*YOUR GOAL*
An exact transcription of all the data is required; the pictures are to be left out.

*AVAILABLE DATA*

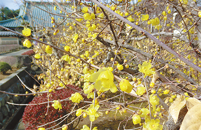 極楽寺(秦野市鶴巻1861・守本善英住職)の境内でロウバイが咲き始めた。甘い香りに誘われるように訪れた人々の目を楽しませている。
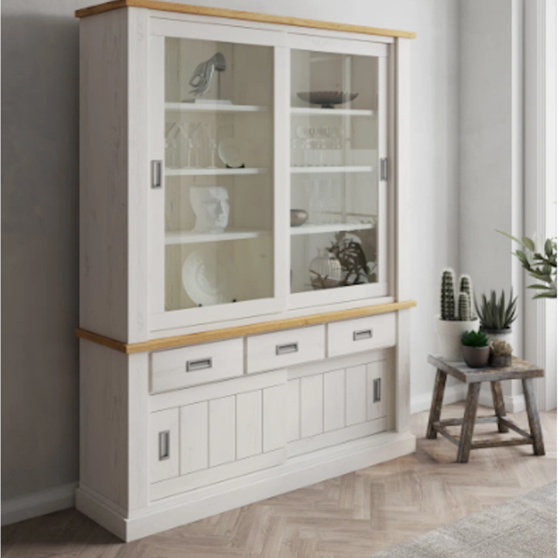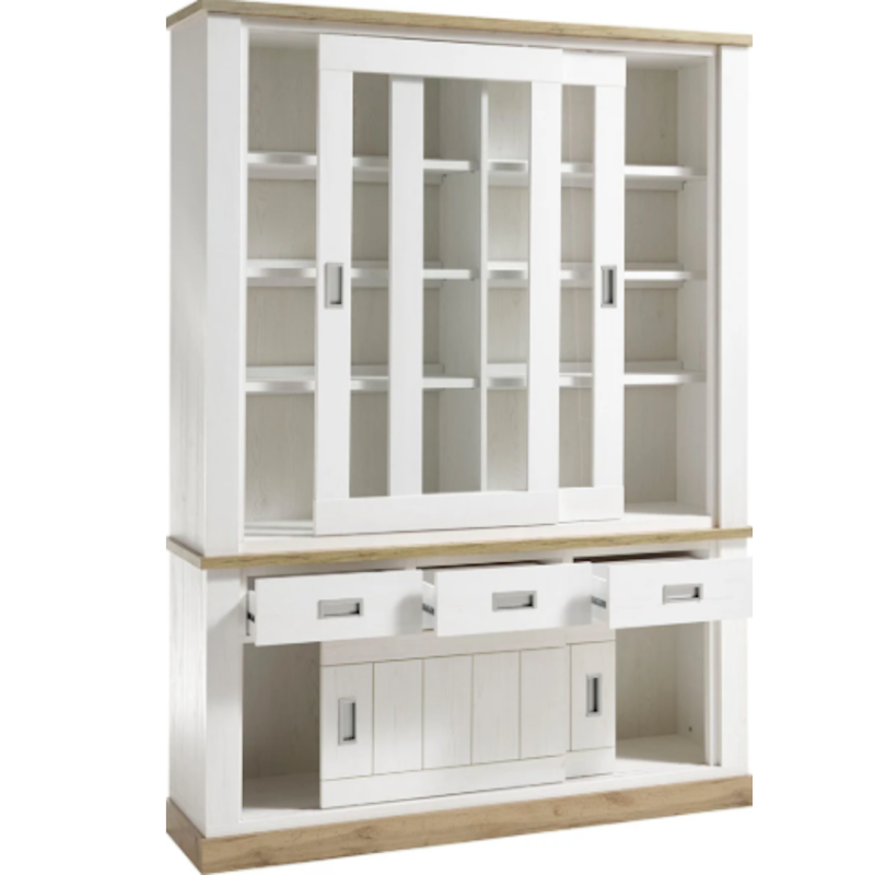 Cristalliera Texas (RITIRO IN NEGOZIO) colore pino bianco e rovere 3 cassetti e 4 ante scorrevoli 150x39,6x204H
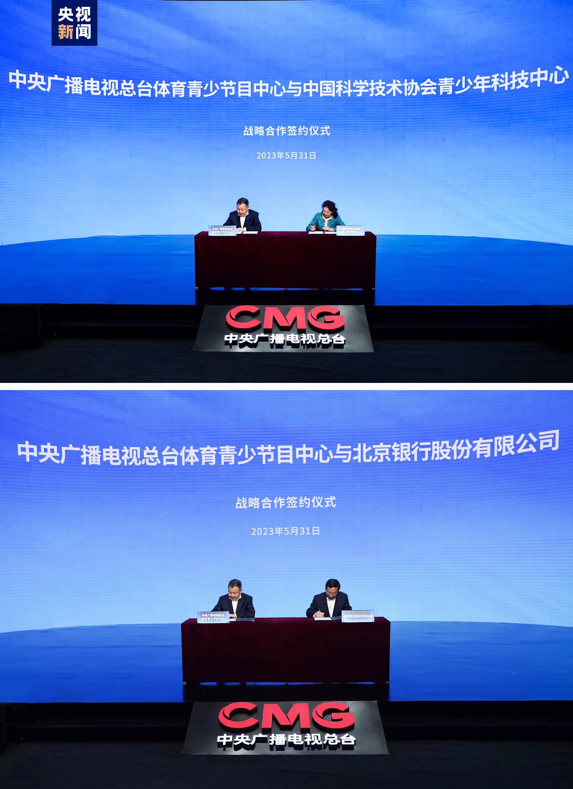 活动现场,中央广播电视总台体育青少节目中心与中国科协青少年科技中心签署战略合作框架协议,与北京银行签署战略合作备忘录,持续深化与社会各界的广泛合作。
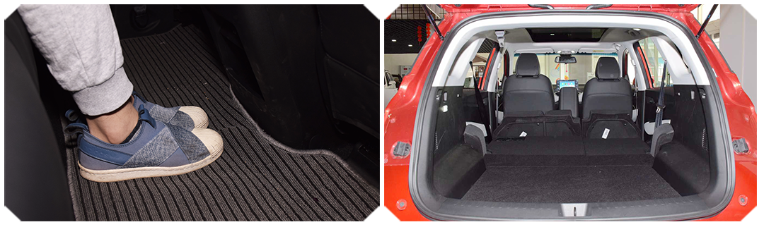 前后排都有一拳有余的头部空间,并且后排腿部空间十分可观,看图你就知道了~同时中央地板很平整,还配有中央头枕,我想中间乘客的舒适性还是挺有保障的。

*RESULT*
 極楽寺(秦野市鶴巻1861・守本善英住職)の境内でロウバイが咲き始めた。甘い香りに誘われるように訪れた人々の目を楽しませている。
 Cristalliera Texas (RITIRO IN NEGOZIO) colore pino bianco e rovere 3 cassetti e 4 ante scorrevoli 150x39,6x204H
 活动现场,中央广播电视总台体育青少节目中心与中国科协青少年科技中心签署战略合作框架协议,与北京银行签署战略合作备忘录,持续深化与社会各界的广泛合作。
 前后排都有一拳有余的头部空间,并且后排腿部空间十分可观,看图你就知道了~同时中央地板很平整,还配有中央头枕,我想中间乘客的舒适性还是挺有保障的。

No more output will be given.